Pour une politique étrangère holistique de l’Arménie : entretien avec Edward Djerejian, vétéran de la diplomatie américaine

Vétéran de la diplomatie américaine, Edward Djerejian s’est récemment entretenu avec Eric Hacopian de CivilNet sur les relations de Washington avec Erevan et les stratégies potentielles pour donner une pertinence à l’Arménie. La discussion a également porté sur le nettoyage ethnique du Haut-Karabakh par l’Azerbaïdjan l’année dernière, l’apparente réticence de l’Occident à l’empêcher, et pourquoi l’Arménie doit viser à devenir un “porc-épic” en matière de sécurité.
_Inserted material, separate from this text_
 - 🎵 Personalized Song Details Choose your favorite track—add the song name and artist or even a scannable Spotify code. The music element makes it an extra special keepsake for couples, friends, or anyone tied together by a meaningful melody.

Avec 32 ans de carrière diplomatique, huit administrations présidentielles américaines, et des postes d’ambassadeur américain en Syrie et en Israël, le point de vue de Djerejian est précieux. Expert américain de premier plan en matière de sécurité nationale, de politique étrangère et de diplomatie publique, Djerejian a partagé ses réflexions sur les défis actuels et futurs de l’Arménie.

L’Arménie serait en train de faire un pivot critique vers l’Ouest. Ce changement est à la fois visible et invisible pour beaucoup, générant une part d’appréhension. Avec l’administration actuelle du président Biden, y compris des figures comme le secrétaire d’État Blinken et Jake Sullivan au Conseil de sécurité nationale, il y a un effort pour institutionnaliser ce pivot. Cependant, la possibilité d’un changement de président pourrait remettre en question cette direction. Djerejian a souligné que l’administration précédente, celle de Trump, bien que n’étant pas particulièrement hostile envers l’Arménie, a été marquée par un niveau de chaos et de manque de cohérence qui a conduit à des situations négatives, notamment à la fin de son mandat avec la guerre.
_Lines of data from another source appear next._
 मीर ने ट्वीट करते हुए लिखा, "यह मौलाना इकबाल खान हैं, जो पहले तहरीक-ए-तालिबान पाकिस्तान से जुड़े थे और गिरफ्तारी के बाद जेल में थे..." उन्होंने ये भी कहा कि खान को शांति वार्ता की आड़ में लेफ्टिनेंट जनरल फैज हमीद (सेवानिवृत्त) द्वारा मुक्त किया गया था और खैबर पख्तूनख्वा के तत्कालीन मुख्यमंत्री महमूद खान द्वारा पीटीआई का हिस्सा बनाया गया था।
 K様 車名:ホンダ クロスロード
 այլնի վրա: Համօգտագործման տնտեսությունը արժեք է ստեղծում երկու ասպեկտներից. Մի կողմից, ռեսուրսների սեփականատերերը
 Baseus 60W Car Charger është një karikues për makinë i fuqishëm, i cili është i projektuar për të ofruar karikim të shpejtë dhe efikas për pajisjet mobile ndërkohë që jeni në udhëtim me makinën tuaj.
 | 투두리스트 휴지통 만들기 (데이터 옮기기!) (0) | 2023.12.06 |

Djerejian souligne qu’il n’est pas dans l’intérêt de l’Arménie de se tourner de manière significative vers une seule puissance. Le Caucase du Sud est une région troublée et en proie aux conflits, en particulier entre l’Arménie et l’Azerbaïdjan. Le monde se dirige vers un ordre multipolaire et multilatéral, et la prééminence des États-Unis n’est plus ce qu’elle était après la Seconde Guerre mondiale ni même après la chute de l’Union soviétique. Il conseillerait aux décideurs arméniens de développer avec précision des relations stratégiques et tactiques, notamment dans le cadre du format 3+3 (Arménie, Géorgie, Turquie, Iran, Russie).
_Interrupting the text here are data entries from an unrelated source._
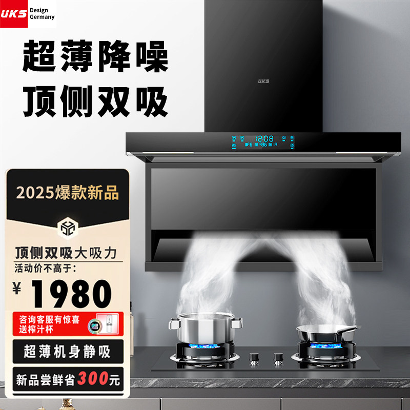 📚 德国UKS变频抽油烟机 顶侧双吸油烟机 低噪音 大吸力抽油烟机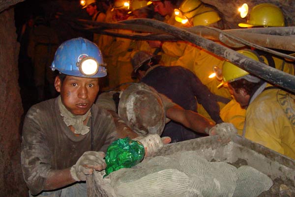 Dressed in old rags with a cloth to filter the air he breaths this Bolivian miner will not live longer then about 30 years. A sad story.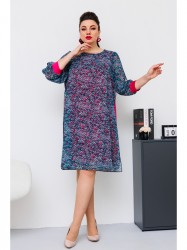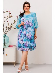 Платье женское, относится к коктейльным платьям. Платье женское, А-силуэта, длиной за колено. Перед с 2-мя нагрудными вытачками, выходящими из проймы. Спинка вверху по горловине с обтачным разрезом, фиксирующимся на 1-ну навесную петлю и 1-ну пришивную пуговицу. Горловина круглая, обтачная, без воротника. Боковые швы с очень высокими разрезами. Рукав втачной, двух шовный, длиной 7/8, с притачной манжетой из отделочной ткани, частично собранной на эластичную тесьму; верхний шов с высоким разрезом. По окату рукава и низу рукава лёгкая сборка. Платье на подкладке из текстильной отделочной ткани. Платье без плечевых накладок.

Djerejian rappelle quelques faits non négligeables : l’Arménie dépend des exportations de blé en provenance de Russie, des envois de fonds, de l’énergie nucléaire et du gaz (83 % de l’énergie de l’Arménie). Ces réalités brutales rendent difficile un pivot vers une matrice pro-occidentale et anti-russe sans conséquences néfastes. Il a également souligné l’importance de développer les relations avec la Turquie, malgré les difficultés. Pour développer son potentiel économique, social et culturel, l’Arménie doit également se concentrer sur la sécurité. À l’instar de certains analystes (Hrachya Arzoumanyan, Nerses Kopalyan, Taline Papazian), Djerejian est partisan de la “stratégie du porc-épic”. L’Arménie ne pouvant devenir une puissance militaire, il lui faut une approche défensive adaptée à des ressources modestes ayant pour objectif de rendre le rapport coût/avantage d’une agression potentielle plus onéreux.

La conversation est revenue sur le nettoyage ethnique du Haut-Karabakh par l’Azerbaïdjan en 2023. Djerejian a qualifié ce “nettoyage ethnique” d’opération habilement menée par l’Azerbaïdjan, sans holocauste mais par une guerre d’usure privant la population de nourriture et de ressources nécessaires. La réponse mondiale a été limitée car le Caucase du Sud n’est pas une priorité géopolitique.

Djerejian a également souligné l’importance de la culture et de l’éducation dans l’élaboration de la politique étrangère. Le système éducatif arménien est à revoir en dépit de quelques pépites comme l’Université américaine. De jeunes talents existent, en sciences, en technologies, et dans d’autres domaines, qui sont porteurs d’espoir pour l’avenir du pays mais le système éducatif n’est pas à la hauteur. Il a suggéré que le pays doit capitaliser sur ses atouts uniques, notamment ses talents dans le domaine des technologies de l’information, de la conception de puces électroniques et des minéraux stratégiques comme l’uranium et le cuivre. En développant un complexe militaro-industriel et en attirant des investissements étrangers, l’Arménie peut se rendre plus pertinente sur la scène internationale.

Interrogé sur la crise politique américaine, Djerejian a souligné que la perte de crédibilité de l’establishment politique auprès de larges segments de la population américaine a des implications mondiales. La raison de cette érosion tient pour Djerejian en l’absence de véritables hommes d’État dans la période actuelle.